万はおりょうを縛る手を止め、笑顔でマサを見上げた。

「ひとつ、頼まれてくれるか?」

突然鋭い眼光になり、藪に向ってマサが話した。笹がカサカサ音を立てる。夜逃げの百姓夫婦に身を変えてはいたが、彼らをずっと追っていたのは、よくよく縁のある、あの百姓だった。


「この娘は、実は夜盗の娘ではない。この『阿部正月』が尼子の藩士を斬った際、連れ帰った乳呑み子だ。何よりも、ほれあのけぶりのあたりに住む、一風変わった男のものだ。こうしてかどわかしてはみたが、一文にもにならないときている。
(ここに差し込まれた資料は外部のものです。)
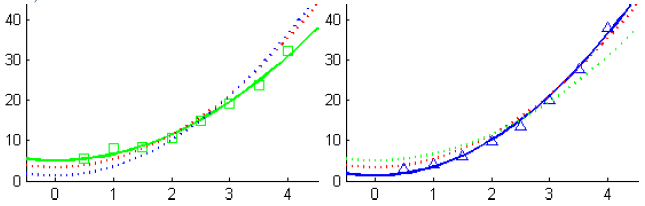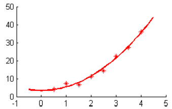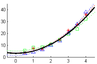 最後のコマンドは各データセットの実際のフィッティング誤差を示しています。計算された商はa = 1.91428、b = 0、c = 3.14526 で合計誤差は (alpha) 25.2803 、各フィッティング誤差(err[i]+alpha)は 25.2803、24.7906、24.7699です。

男の元へ返してやってくれ、金はこの娘が持っていよう」


「山岳坊、あんたの頼みを断る訳にはいかない。それに、わしもその娘をとり返そうとしていた。素山の女房になって欲しい娘だ」

「はっはっは、それはどうかな? 何せ、あいつは坊主だからな」

「素山は破門されたのか、還俗(げんぞく)したのか、とにかく坊主では無くなったそうだ。そう、『高乾院』の『慧明』様がおっしゃった。何せ和尚自ら還俗し、『天野道幸(あまのみちゆき)』と名乗られたから、それは間違いはない。
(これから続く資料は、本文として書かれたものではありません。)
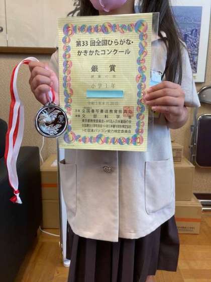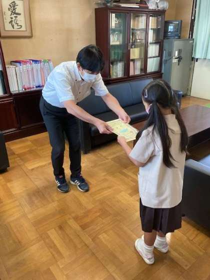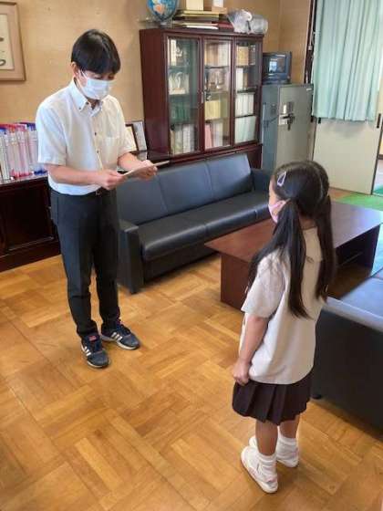 書写のコンクールにおいて、1年生の児童が賞をいただきました。放送での朝会でしたが、全校児童に紹介しました。全校児童で、おめでとうの言葉とおおきな拍手でお祝いしました。その後、校長室で改めて手渡しました。あわせて、1学期の5月に実施した、5年生の「すくすくテスト」、6年生の「すくすくテスト」と「全国学力学習状況調査」の結果をお知らせしました。「すくすくテスト」では一部、大阪府の平均に届かなかった教科はありましたが、5年生・6年生ともに大阪府の平均を超えるすばらしい結果でした。特に、6年生の「全国学力学習状況調査」では、全国平均を上回るすばらしい結果でした。得意不得意はあっても、ひとりひとりが諦めることなく最後までしっかり取り組んだ成果だということを称賛しました。

「そうか、素山の師はあいつだったのか。どうりで……」


「天野道幸」こそ「阿部正月」から「石坂新八郎」の命を救った男だった。その後、彼は中津に向い旅立ったものの、途中芸州浅野藩の村で死んだという。ひとつのため池を残したと伝えられる。


事実『坊主がつぶれの池』、つまり僧が潰れた(死んだ池)と言うため池が「東広島市黒瀬町市飯田」に現存する。ため池台帳には確かに『坊主ヶ池』と記載されている。